Member of the Arizona House of Representatives from the 21st district
- In office January 11, 2021 – January 9, 2023 Serving with Kevin Payne
- Preceded by: Tony Rivero
- Succeeded by: Stephanie Stahl Hamilton

Personal details
- Party: Republican
- Children: 2
- Education: Wayne State University (BS)

= Beverly Pingerelli =

American politician and educator

Beverly Pingerelli is an American politician and educator serving as a member of the Arizona House of Representatives from the 28th district. She previously represented the 21st district. Elected in 2020, she assumed office on January 11, 2021.

== Education ==
Pingerelli earned a Bachelor of Science degree in biological sciences from Wayne State University.

== Career ==
She works as a science program coordinator at Grand Canyon University.
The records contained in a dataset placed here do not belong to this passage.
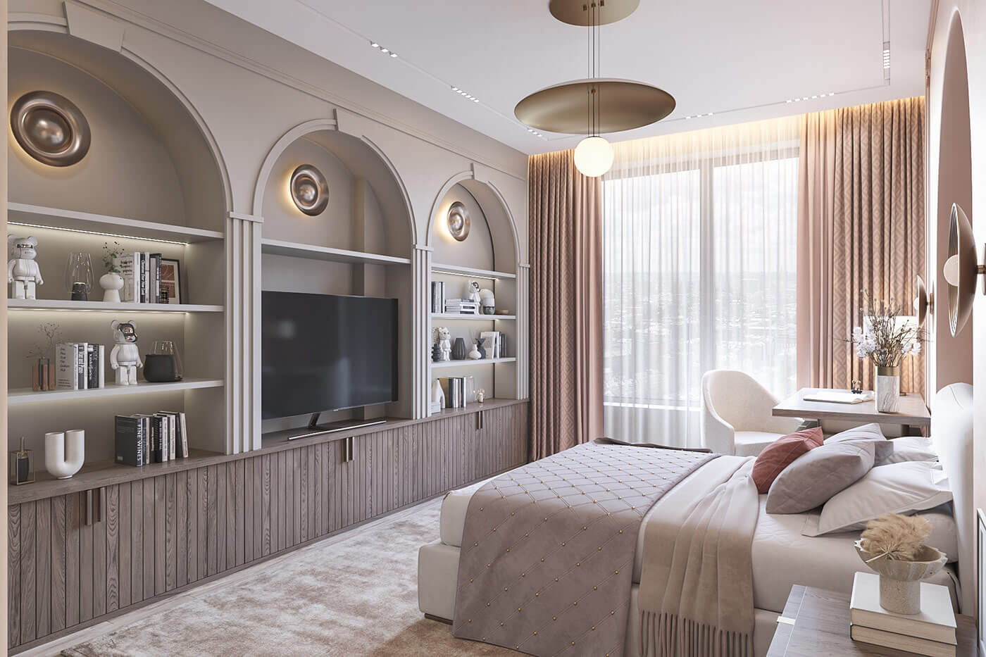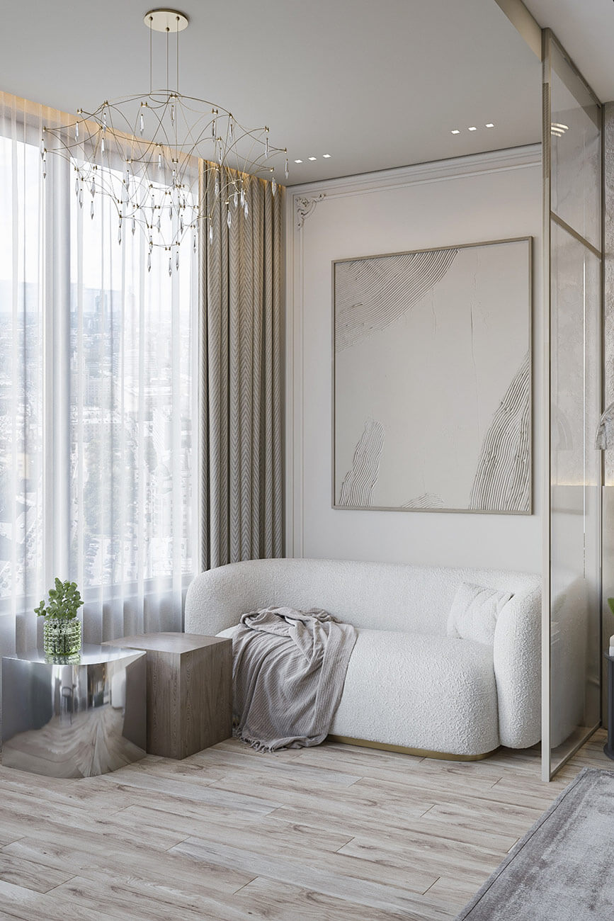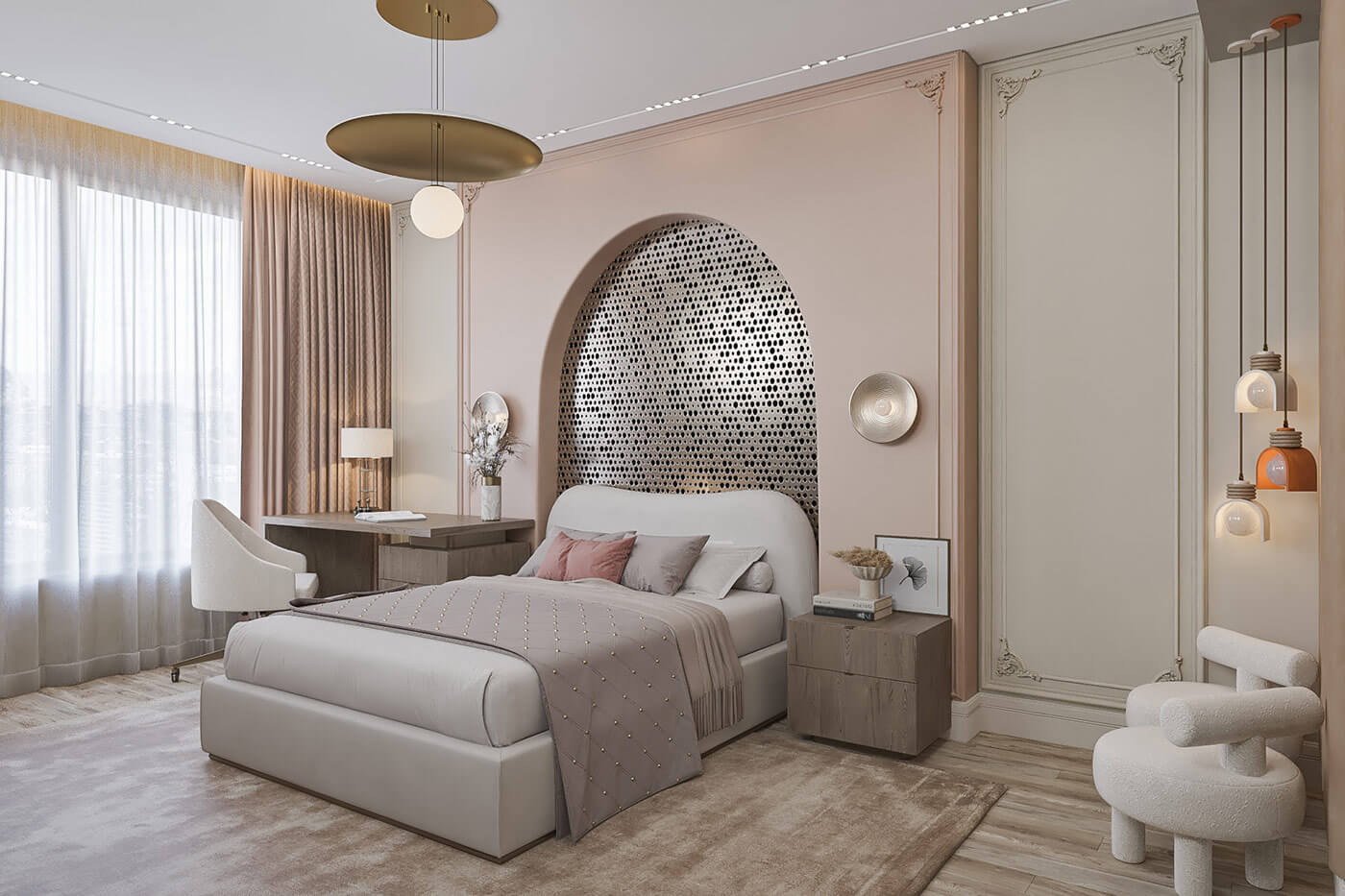 В спальне, за счет большого количества естественного света, создается ощущение воздушности. Минималистичный дизайн мебели, скругленные формы и мягкие фактуры ткани добавляют в интерьер уют.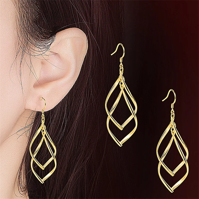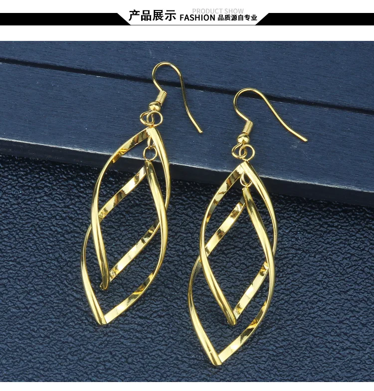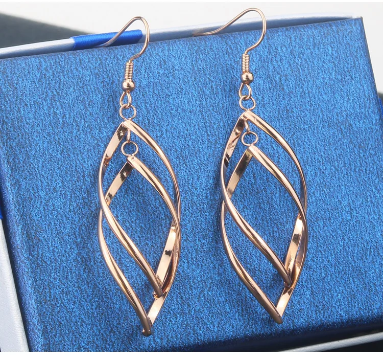 Висячие серьги цвета розового золота для женщин, свадебная бижутерия, длинные серьги, Спиральные серьги в форме банановых листьев, серебряные серьги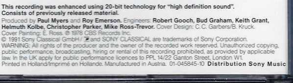 (P) 1978 CBS Records Inc. (C) 1991 Sony Classical GmbH. Printed in Holland. Manufactured in Austria. Distribution Sony Music. Cat# on spine of the booklet: S3K 45845. Cat# on back cover of the booklet: 01-045845-10. Consists of previously released material. This recording was mastered using 20-bit technology for "high definition sound" Track 1-1 recorded in London, February 1969, Banking Town Hall. Track 1-2 recorded in London, June 6, 1969, Olympic Studios. Tracks 1-3 to 1-7 recorded in London, April 20, 1970, EMI Studios. Tracks 1-8 to 1-12 recorded in London, April 21, 1970, EMI Studios. Tracks 1-13 to 1-17 recorded in New York, February 27, 1970. Tracks 1-18 to 1-23 recorded in London, February 1969, Banking Town Hall. Tracks 1-24 to 1-27 recorded in New York, May 7, 1971. Tracks 1-28 & 1-29 recorded in London, November 3, 1967, Olympic Studios. Tracks 1-30 to 1-35 recorded in New York, February 27, 1970. Tracks 1-36 to 1-40 recorded in London, February 1969, Banking Town Hall. Tracks 1-41 to 1-43 recorded in Hollywood, March 29, 1972. Tracks 1-44 to 1-47 recorded in London, April 20, 1970, EMI Studios. Tracks 2-1 to 2-10 recorded in London, November 3, 1967, Olympic Studios. Tracks 2-11 to 2-26 recorded in London, January 7, 1969, Olympic Studios. Tracks 2-27 & 2-28 recorded in London, June 6, 1969, Olympic Studios. Tracks 2-29 & 2-30 recorded in New York, May 14, 20 & 21, 1971. Tracks 2-31 & 2-32 recorded in London, June 2, 1969, Banking Town Hall. Tracks 2-33 & 2-34 recorded in Cleveland, April 4, 1970. Tracks 2-35 to 2-37 recorded in London, September 5, 1970, EMI Studios. Tracks 2-38 to 2-40 recorded in London, June 7, 1969, Olympic Studios. Tracks 2-41 to 2-43 recorded in London, September 5, 1970, EMI Studios. Track 3-1 recorded in London, June 2-4, 1969, Banking Town Hall. Tracks 3-2 to 3-4 recorded in London, June 13, 1969, EMI Studios. Tracks 3-5 to 3-7 recorded in New York, February 27, 1970. Tracks 3-8 to 3-10 recorded in London, June 3, 1969, Banking Town Hall. Track 3-11 recorded in London, June 4, 1969, Banking Town Hall. Tracks 3-12 to 3-17 recorded in London, May 28, 1969, Walthamstow. Tracks 3-18 to 3-23 recorded in London, June 2, 1969, Banking Town Hall. Tracks 3-24 to 3-29 recorded live (mono) at Frankfurter Funkhaus, December 29, 1932. 162-page-booklet with lyrics & liner notes in English, German, French & Italian. Total playing time: - CD1: 74'18" - CD2: 75'20" - CD3: 76'05".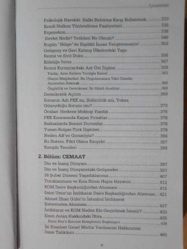 ANGORA YAYINCILIK , 2010 EBAT: 21X14 CM , 597 SAYFA Emniyet Teşkilatının efsanevi ismi, Susurluk sürecinde cesur duruşuyla gerçek bir kanun adamı tavrı gösteren Hanefi Avcı yine doğru bildiklerini söylemeye devam ediyor. Ucunun kime dokunduğuna bakmadan, yalnızca ülkesine karşı vicdani sorumluluğunu yerine getirmek için son dönemde yaşananların iç yüzünü kamuoyuna açıklıyor. Kitap iki bölümden oluşuyor. Devlet başlıklı ilk bölümde, yıllarca devlete hizmet etmiş bir güvenlik görevlisi olarak geçirdiği fikirsel dönüşümü, bu dönüşüme neden olan olayları okurlarla paylaşıyor. Bu fikirsel dönüşümün sonucunda Avcı artık, uzun yıllar mücadele ettiği, sisteme muhalif grupların demokratik ve sağlıklı bir sistemin olmazsa olmazı olduğuna, farklı fikir ve düşüncelerin topluma zarar değil, ancak bir zenginlik katacağına, güvenlik sorununa indirgenen Kürt sorununun ancak demokratik hak ve özgürlükler alanının genişletilerek siyasi yollarla çözümlenebileceğine ve ordunun batılı ülkelerde olduğu gibi siyasetin dışında kalarak güçlü bir ordu olabileceğine inandığını açık yüreklilikle ifade ediyor. Avcı, bu kitabı yazmaktaki önemli amaçlarından birinin, böyle köklü bir değişim yaşamasına neden olan mesleki tecrübelerini aktararak, çok geniş bir kriminal yelpazede çalışmış olmanın verdiği donanımla kendinden sonra geleceklere yol göstermek olduğunu belirtiyor. Cemaat başlıklı ikinci bölümde ise Avcı devletin çeşitli kurumlarına nüfuz etmiş cemaat yapısının son zamanlarda meydana gelen olaylardaki (özel yetkili mahkemelerin sürdürdüğü tahkikatlardan, telefon dinlemelerine, vs.) rolünü ortaya koyuyor. Cemaatin polis, ordu, MİT, jandarma, yargı ve diğer devlet kurumları içerisinde ayrı bir hiyerarşik örgütleme kurarak ve bu teşkilatların sistemlerini bozarak çalışmalarını engellediğinden, üstüne üstlük bu teşkilatların personeli arasında ayrım, güvensizlik ve düşmanlık yaratarak kurumları içerden ve tamir olunmaz biçimde yaraladığından bahsediyor. Bugün özellikle özel yetkili mahkemelerce yürütülen tahkikatların, arka planda cemaatin talimatı ile Emniyet İstihbarat Şubesindeki unsurları ve cemaate bağlı savcılar desteği ve zorlaması ile yürütüldüğüne, yürütülürken hukuksuz işlemlerin yapıldığına dair ciddi emareler olduğunu iddia ediyor. Tüm bu iddialarını, delilleriyle sağlam bir zemin üzerine inşa ediyor. Avcı kitabın başlığında iki metafor kullanıyor; bunların devlet görevlilerinin, belli bir ideoloji etrafında örgütlenmiş grupların ve genel anlamda toplumun zihniyetini tanımlayabilmek için ne kadar isabetli bir biçimde seçilmiş olduğunu kitabı okuyup bitirdiğinizde anlayacaksınız. Görünen değil, perde arkasındaki gerçekleri merak ediyorsanız Emniyet teşkilatının güvenilir ve öncü ismi Hanefi Avcı?nın dürüst ve cesur sesine kulak verin! Hanefi Avcı, meslek hayatına 1976 yılında Mut ilçe Emniyet Komiserliği görevi ile başladı. Daha sonra İstanbul İstihbarat Şube Müdürlüğü, KOM Dairesi Başkanlığı ve Edirne Emniyet Müdürlüğü görevlerinde bulundu. Avcı, halen Eskişehir Emniyet Müdürü olarak göre yapmaktadır. 2006 yılında TASAM?ın Stratejik Vizyon Sahibi Bürokrat Ödülü?nü kazanmıştır. Avcı, Emniyette teknik-elektronik istihbaratın kurucusu olarak bilinir. "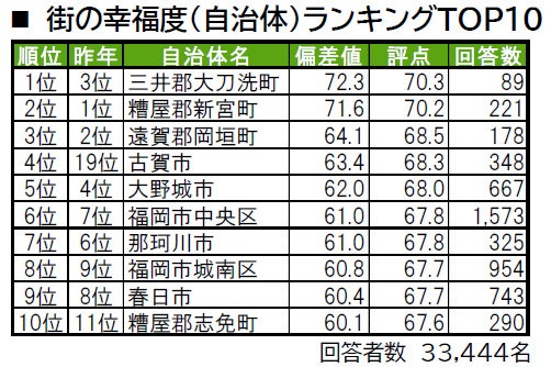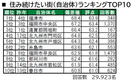 1位は、昨年3位だった三井郡大刀洗町で、偏差値70台の極めて高い評価を得ています。2位は糟屋郡新宮町で、「街に誇りがある」でも2位で、1位の大刀洗町と同様に偏差値70台の極めて高い評価を得ています。3位は遠賀郡岡垣町で、「住み続けたい街」でも3位となっています。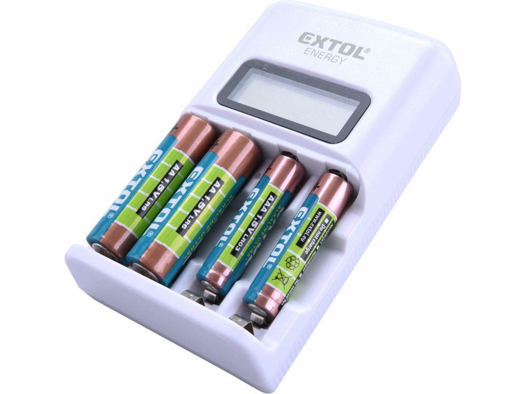 Nabíječka baterií AAA/AA, NiMh/NiCd, 4 sloty, individuální nabíjení, LCD EXTOL-ENERGY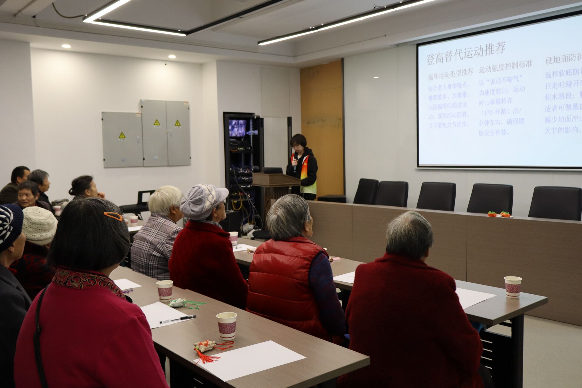 王涵、陆定怡等志愿者现场指导老人们制作茱萸香囊,从穿针引线的基础手法到香料填充的比例把控,志愿者一对一耐心示范,帮助老人完成专属香囊,以传统手作寄托健康祝愿;针对老人日常开销管理需求,志愿者结合会计专业所长,用通俗语言讲解“分类记录收支”“定期核对明细”等简单记账技巧,还为老人发放预制的记账表格,方便老人后续使用;畅诗妍、胡丹妮等4名志愿者则带领老人练习重阳拍拍操,根据老人身体状况调整动作幅度与节奏,重点设计肩颈、手腕、腿部的活动动作,确保老人在安全范围内活动筋骨。活动尾声,志愿者为每位老人赠送封装完好的菊花茶包,延续节日温暖。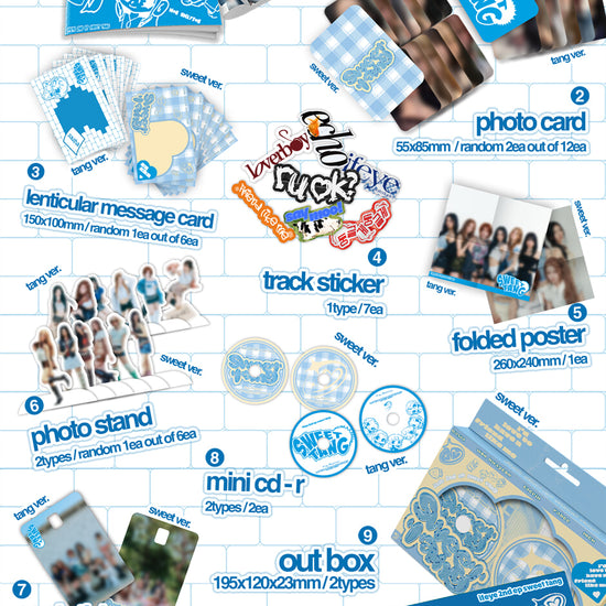 Introducing the "IFEYE - SWEET TANG 2nd EP Album," an exquisite collection for fans and collectors alike. Dive into an immersive visual journey with this beautifully crafted photobook, capturing the essence and artistry of IFEYE's anticipated sophomore EP, "SWEET TANG." This set includes stunning, high-quality photographs that provide an intimate look at the creative process, behind-the-scenes moments, and the vibrant personality of the group. Each page tells a story, blending music and visuals into a harmonious experience. A must-have for enthusiasts wanting to cherish and celebrate this special release in true style.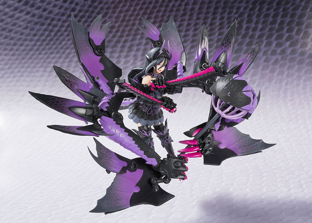 日Bandai萬代玩具公司的ARMOR GIRLS PROJECT系列將推出電玩遊戲《魔物獵人》籠罩大地的黑暗「黒蝕的龍姫」可動作品,之前「AGP系列」成功將“艦娘”主題角色人物都呈現其可動關節的精彩作品,這次以擅長繪製軍武娘的插畫家島田文金(島田フミカネ氏)將遊戲當中「黒蝕龍」ゴア・マガラ 擬人化設計創作出「黒蝕的龍姫」。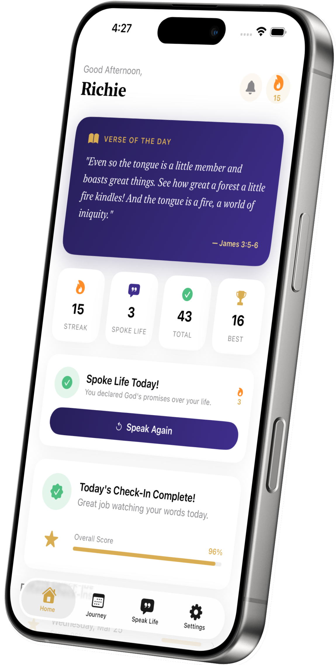 A fresh, power-of-words themed scripture greets you daily on your home screen — carefully curated from verses about the tongue, speech, and the power of declaration.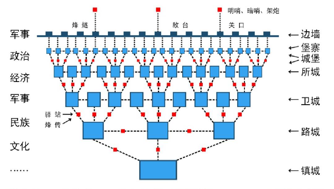 有了先进信息技术及其科研平台的支撑,使长城巨系统的格局更加清晰地展现在众人眼前,墙体、烽燧、敌楼、驿站、聚落……张玉坤一一将其勾勒清楚——“众星拱卫”的放射结构,“横向分段、纵向分层”的线性结构,“秩序叠加”的网络结构。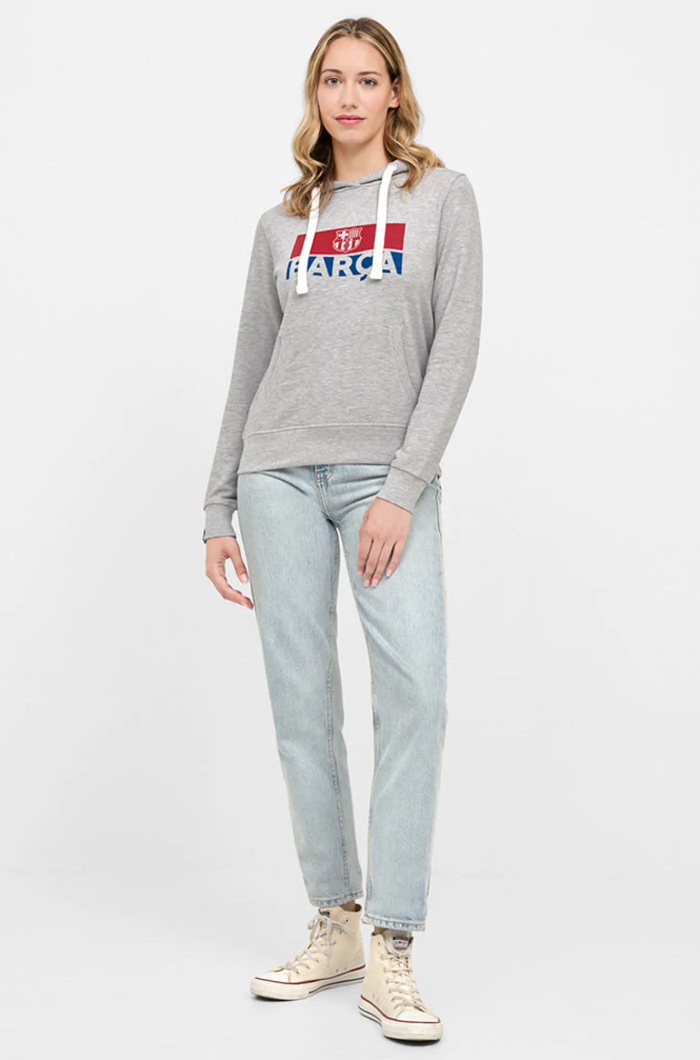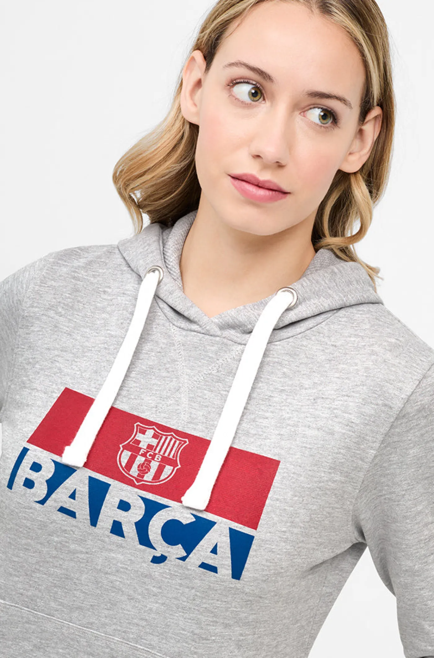 Sudadera de mujer con capucha y bolsillo canguro de algodón. Diseño con estampado del escudo y logo del FC Barcelona. Manga larga. Cintura y puños elásticos. Color: Gris jaspeado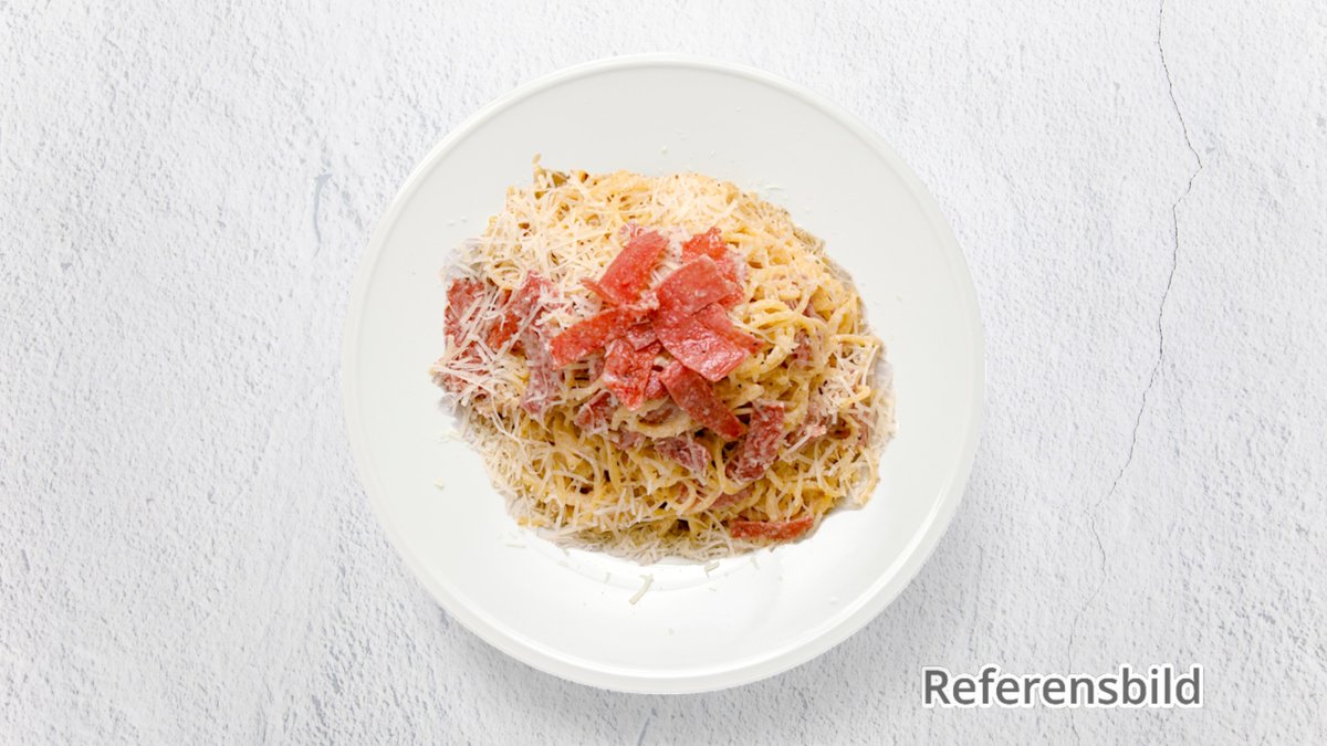 Pasta, ost, skinka, räkor, ananas, orientdressing (i burk), paprika, färska tomater, isbergssallad, gurka, citron och dill.

Pingerelli previously worked as a cytogenetic and molecular technologist. Pingerelli was also a member of the Peoria Unified School District Governing Board, leaving in 2022. Pingerelli was elected to the Arizona House of Representatives in 2020, succeeding Tony Rivero.

== Personal life ==
Pingerelli grew up in a neighborhood just outside of Detroit, Michigan and was the first person in her immediate family to graduate from college.

Pingerelli and her husband, Peter, have two daughters.